This project required the creation of a run_analysis.R
file that does the following:
- Merges the training and the test sets to create one data set.
- Extracts only the measurements on the mean and standard deviation for each measurement.
- Uses descriptive activity names to name the activities in the data set
- Appropriately labels the data set with descriptive variable names.
- From the data set in step 4, creates a second, independent tidy data set with the average of each variable for each activity and each subject.

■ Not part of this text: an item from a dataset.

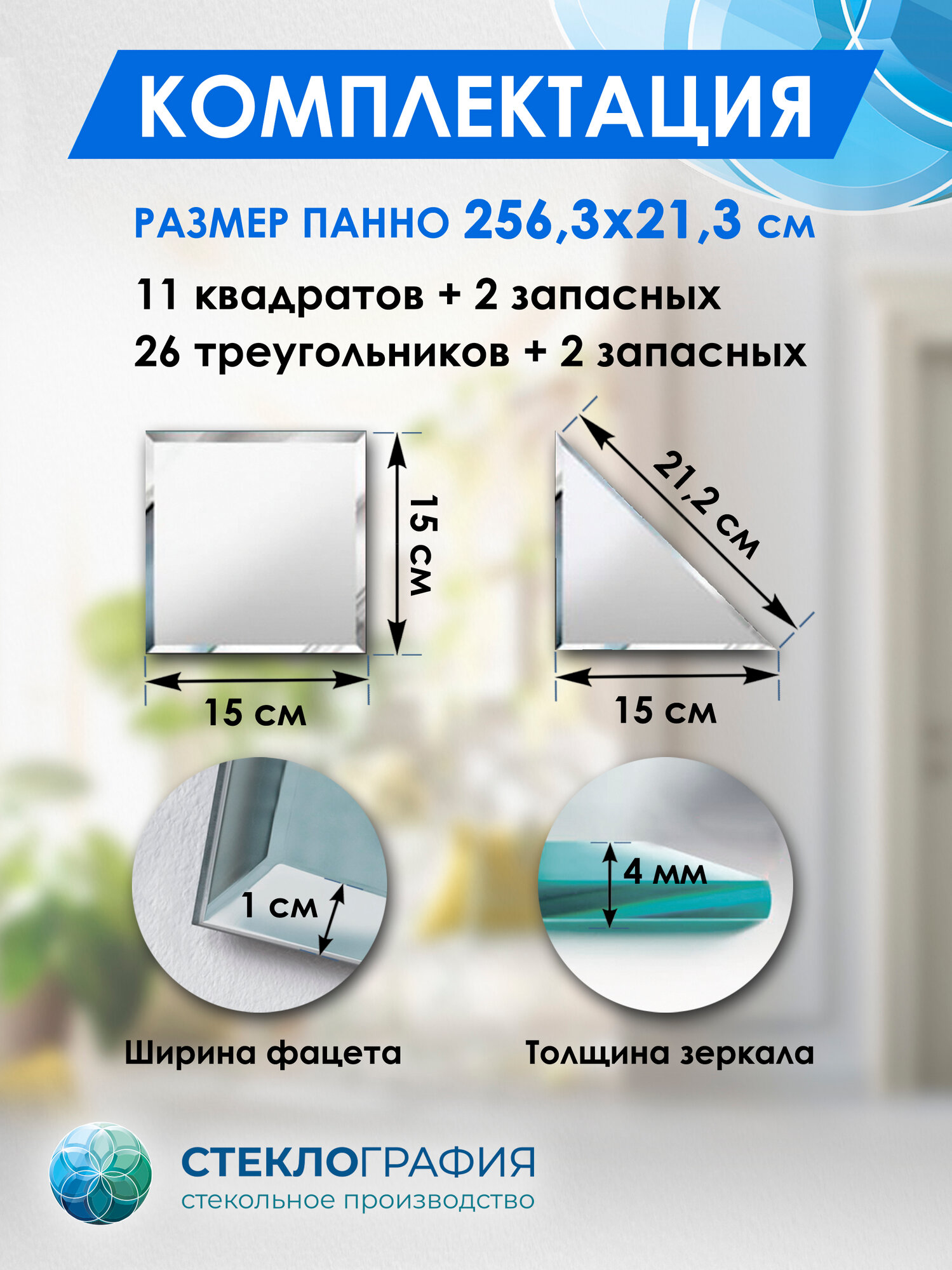 Ниже Вы можете прочитать отзывы на Зеркальное панно "Стеклография" с фацетом, на стену 256,3 см. х 21,3 см. из квадратов и треугольников., ознакомится с подробными характеристиками, посмотреть интересные обзоры и фотографии на Зеркальное панно "Стеклография" с фацетом, на стену 256,3 см. х 21,3 см. из квадратов и треугольников..

The way the code merges the data is by the following:
"features.txt" |
"Subject" | "Activity" |
---|---|---|
"X_train.txt" |
"subject_train.txt" |
"activity_train.txt" |
"X_test.txt" |
"subject_test.txt" |
"activity_test.txt" |
Where, features.txt, "Subject", and "Activity" will determine the column names of the data table that satisfies the third requirement. Also, the body of the data table will essentially be appending the gathered test data to the train gathered data. However, the activity column of both train and test observations must be factorized by activity_labels.txt
so that the third requirement is satisfied. All of this is stored in the variable data
which finishes the first requirement.
Then, to extract the mean and standard deviation columns of data
, we first obtain the column names of data
that contain the strings "mean"
and "std"
using the grepl
. After obtaining that logic vector and recording it to meanNstdData
, the which
function is used to subset the data
table according to meanNstdData
to obtain the desired extracted data. The extracted data is then stored in the variable extractedData
which finishes the second requirement.
Finally, to obtain the tidy data for the fifth requirement, what is simply used is the function aggregate
that creates a new table with the mean of each variable from data
(per instance of Subject
and Activity
). The result is stored in the variable tidy_data
and then written in a file called "tidy data.txt"
.